アルブミンで正しいのはどれか。
アルブミンで正しいのはどれか。
- ⑴ 血清中濃度は座位よりも臥位で低くなる。臥位では血漿量が増えて希釈されるため、座位より低値になります。この記述が正しい内容です。
- ⑵ Rapid Turnover Protein〈RTP〉に分類される。半減期が約17〜21日と長いため、半減期の短いプレアルブミンやトランスフェリンなどのRTPには含まれません。
- ⑶ 尿中微量アルブミン濃度は色素結合法で測定する。尿中では濃度が低く色素結合法では感度が足りません。抗体を用いる免疫比濁法などで測定します。
- ⑷ ブロムクレゾールパープル〈BCP〉法はα-グロブリンとの反応性が高い。BCP法はアルブミンへの特異性が高くグロブリンとの反応性は低いのが特徴で、記述の向きが逆です。
- ⑸ ブロムクレゾールグリーン〈BCG〉改良法が血清中濃度測定で使用されている。
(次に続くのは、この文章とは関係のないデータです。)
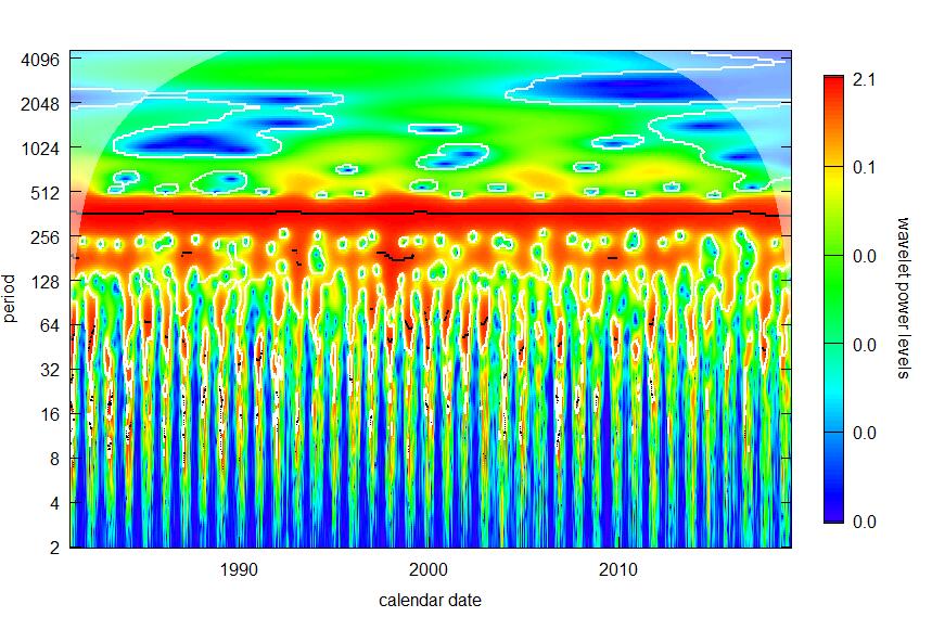wt.image(mydata, legend.params = list(lab = "wavelet power levels"), periodlab = "period",show.date = TRUE, date.format = "%Y")

BCG法はグロブリンとも反応して高値になりやすく、現在の血清測定にはBCP改良法が用いられています。
解説
正答は⑴です。臥位では組織間液が血管内へ移動して循環血漿量が増えるため、希釈によりアルブミン濃度は座位や立位より数%低く測定されます。体位の影響は血清蛋白の測定で押さえておくべき生理的変動です。アルブミンは半減期が約17〜21日と長く、プレアルブミンなどのRTPには含まれません。また尿中微量アルブミンは濃度が低く色素結合法では測れないため免疫比濁法などを用い、血清の測定にはグロブリンとの反応が少ないBCP改良法が使われています。